Although the embodiments of the present invention have been described with reference to the accompanying drawings, it is not intended to limit the scope of the present invention, and it should be understood by those skilled in the art that various modifications and variations can be made without inventive efforts by those skilled in the art based on the technical solution of the present invention.

Claims

1. An OCR optimization method based on character position information is characterized by comprising the following steps:

setting constraint information items and extraction ranges to be extracted;

and formatting and outputting the extracted information item character data.

2. An OCR optimization method based on character position information as claimed in claim 1, wherein the preprocessing of the image to be recognized includes: and carrying out preprocessing operations of graying, binaryzation, noise removal and inclination correction on the image.

3. An OCR optimization method based on character position information as claimed in claim 1, wherein setting a constraint information item to be extracted and an extraction range specifically includes: text information in the image needs to be extracted.

4. An OCR optimization method based on character position information as claimed in claim 1, characterized in that by the adjacent connected region search method, the characters appearing in the picture are searched line by line and the coordinate position is recorded, the region where the characters are located is intercepted, the characters are recognized, and all characters and the coordinate position information thereof are obtained.
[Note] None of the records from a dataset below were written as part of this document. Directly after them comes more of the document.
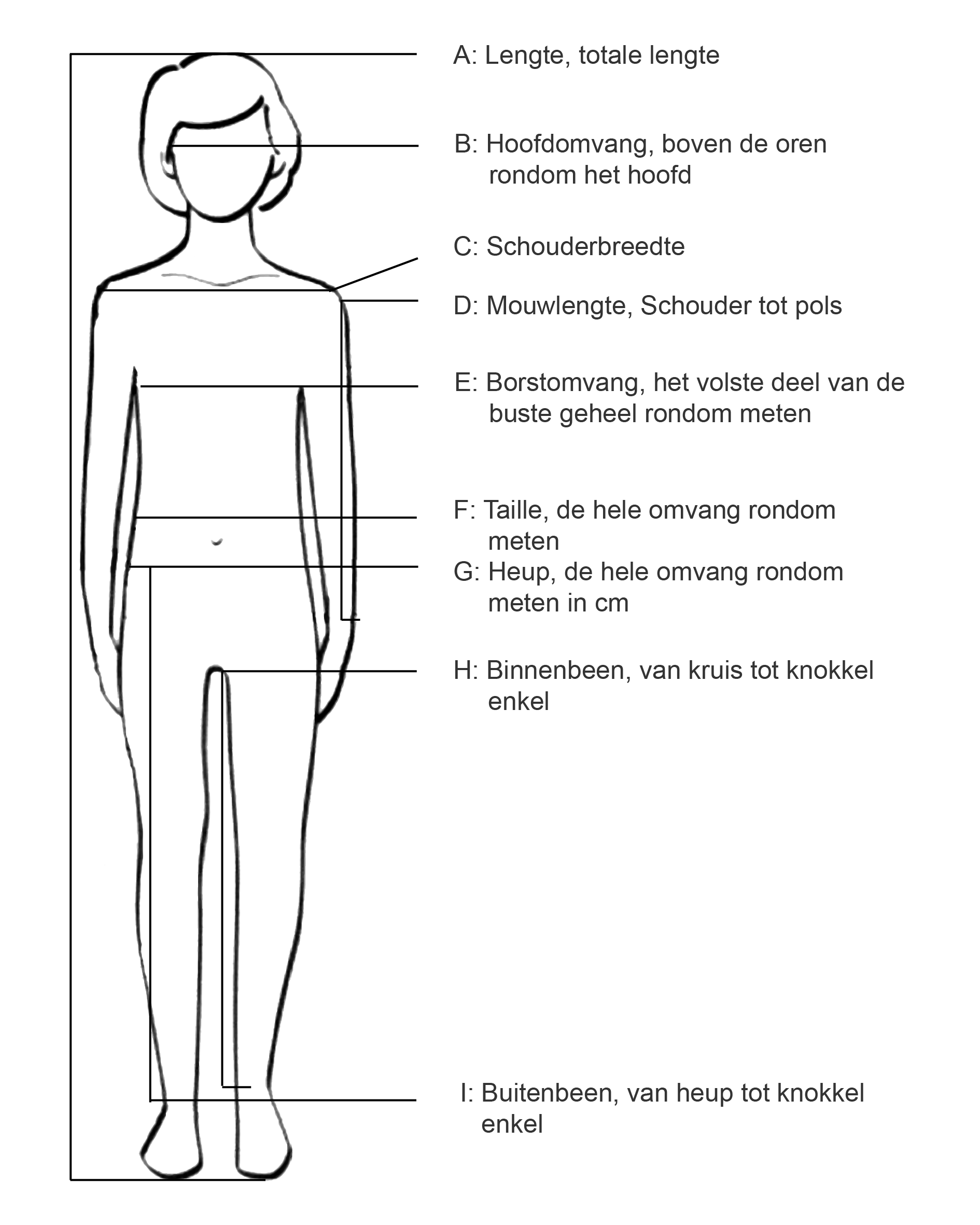 Graag volledig invullen en verzenden. De velden A t/m I in cm invullen. Vragen? bel gerust: 06-28889528 Naam Datum e-mail Telefoon Productie Rol Leeftijd Geslacht Geslacht Vrouw Man Kind Confectiemaat Confectiemaat505662687480869298104110116122128134140146152158164170 T-shirt T-shirtxssmlxlxxlxxxl4xl Jeans Jeans505662687480869298104110116122128134140146152158164170 Schoenmaat Schoenmaat161718192021222324252627282930313233343536373839404142 Bijzonderheden A: Lengte B: Hoofdomvang C: Schouderbreedte D: Mouwlengte E: Borstomvang F: Taille G: Heup H: Binnenbeen I: Buitenbeen 4 + 1 = Verzenden
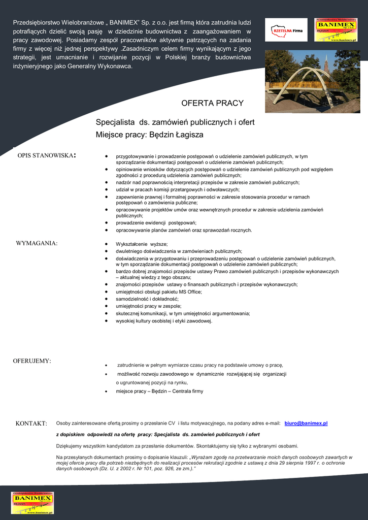 OFERTA PRACY Specjalista ds. zamówień publicznych i
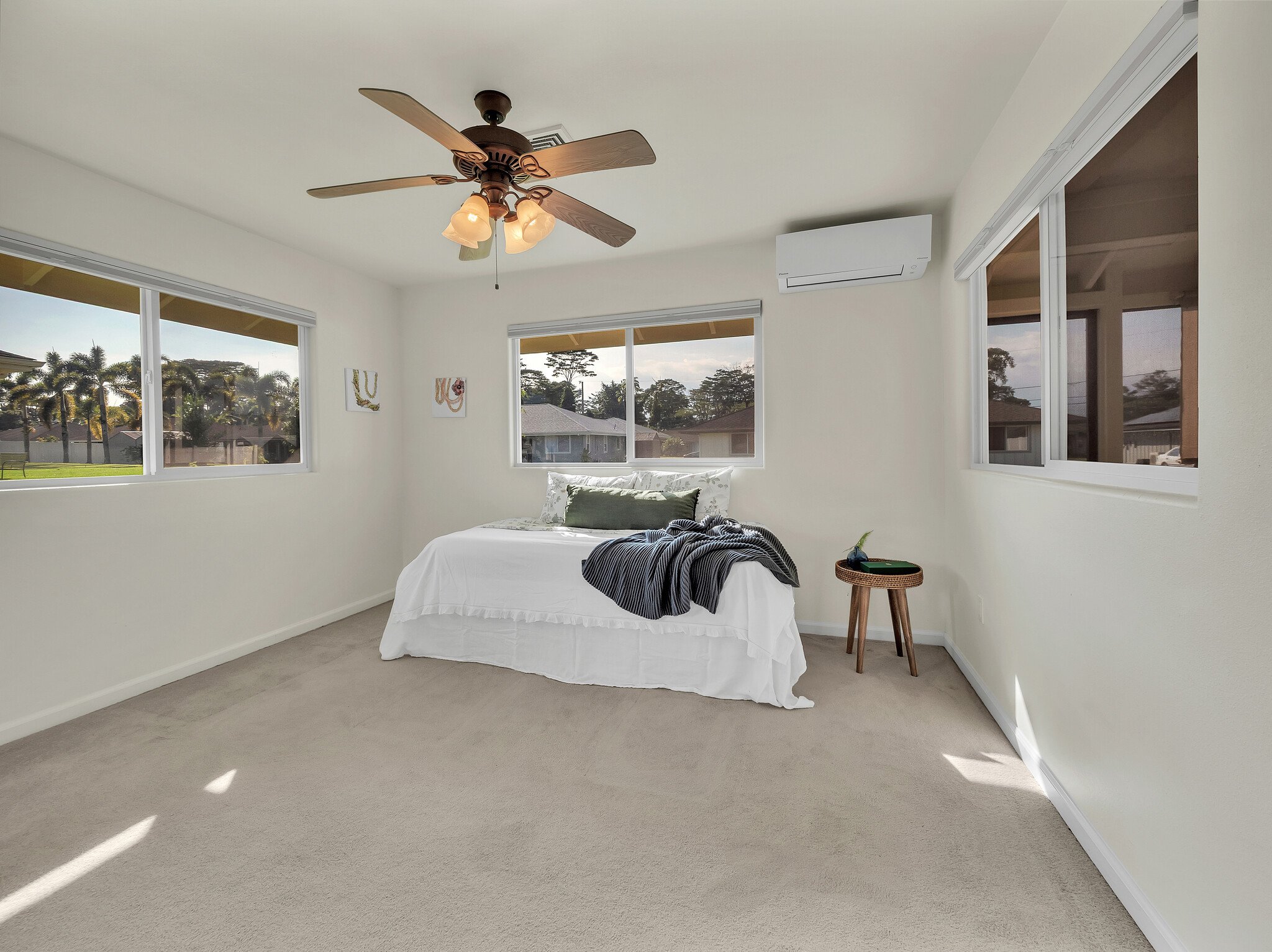 This former model home in Hilolani Estates delivers comfort, convenience, and thoughtful upgrades in a quiet, walkable neighborhood with sidewalks and just minutes from major shopping, schools, parks, and restaurants. Set on a single level, the 3 bedroom, 2 bath home features an open living area with vaulted ceilings and a large granite island that creates an easy flow for everyday living and entertaining. The split floor plan provides privacy for all bedrooms. The primary suite includes its own AC, a walk-in closet, and a double-sink vanity. Natural breezes, ceiling fans, and split AC keep the home comfortable year-round. The kitchen offers generous cabinet space and updated appliances. Step from the living room to a fully screened and tiled lanai, perfect for enjoying outdoor living without the bugs. The home is equipped with 22 fully owned solar panels and 2 Tesla Powerwall batteries for dependable, efficient energy. Low-maintenance landscaping surrounds the property for easy upkeep. From the two-car garage, enter through the laundry room directly into the kitchen for smooth everyday access. The garage features automatic doors, a storage closet, and painted floor. This home blends island comfort with practical upgrades, ready for its next owner to move in and enjoy. *Check out the Listing Video Here: https://player.vimeo.com/video/1146236279
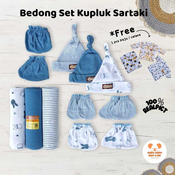 SET BEDONG BAYI DENGAN TOPI KUPLUK PLUS SARTAKI MOTIF LUCU TERMURAH
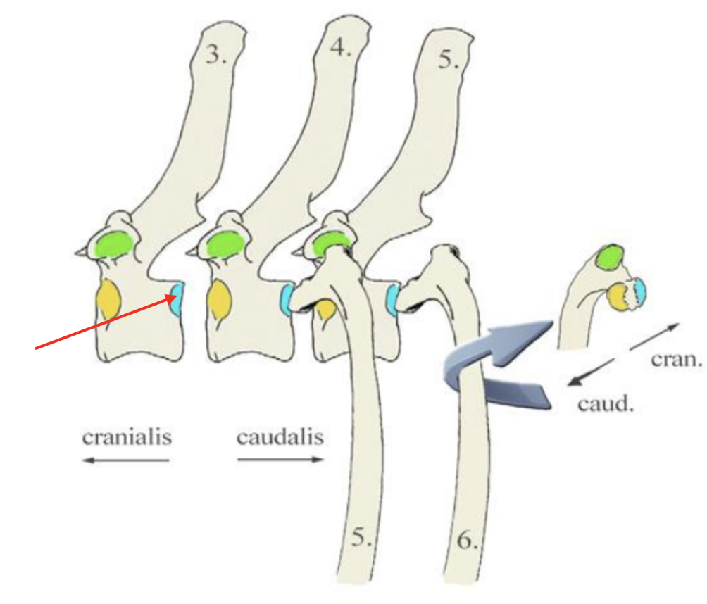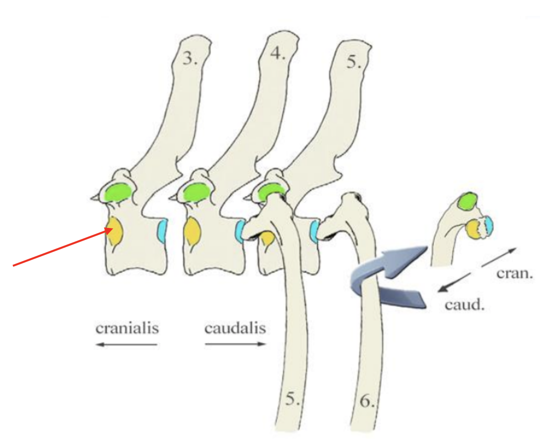 Facies articularis capitis costae cranialis ↔ Fovea costalis caudalis
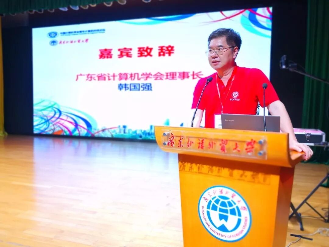 图3:广东外语外贸大学信息学院院长蒋盛益主持会议

5. An OCR optimization method based on text position information as claimed in claim 1, wherein calculating the average line spacing of all text information specifically includes:

traversing the coordinates of each line of characters in the extracted image, and calculating the line spacing between the current line and the next line based on the coordinate values;

accumulating and summing all the line intervals; an average line spacing is determined based on a ratio of the accumulated value to the number of lines.

6. The OCR optimization method based on the character position information as claimed in claim 1, wherein the step of judging whether the current character and the next character need to be merged based on the space and the average line space includes:

when the line spacing between the current line and the next line is smaller than the average line spacing, combining and extracting characters of the current line and the next line;

and stopping merging when the line spacing of the current line and the next line is larger than the average line spacing.
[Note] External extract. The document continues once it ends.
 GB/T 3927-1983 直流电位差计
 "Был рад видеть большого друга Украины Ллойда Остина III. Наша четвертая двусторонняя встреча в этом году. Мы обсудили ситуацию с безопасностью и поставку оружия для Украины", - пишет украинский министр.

7. An OCR optimization method based on character position information as claimed in claim 1, characterized in that each constraint information item to be recognized is extracted, and the extracted information item character data is formatted and output.

8. An OCR optimization system based on text position information, comprising:

9. A terminal device comprising a processor and a computer-readable storage medium, the processor being configured to implement instructions; a computer readable storage medium for storing a plurality of instructions adapted to be loaded by a processor and to perform the method for OCR optimization based on text position information according to any one of claims 1-7.

10. A computer-readable storage medium having stored thereon a plurality of instructions, wherein the instructions are adapted to be loaded by a processor of a terminal device and to execute the OCR optimization method based on text position information according to any one of claims 1 to 7.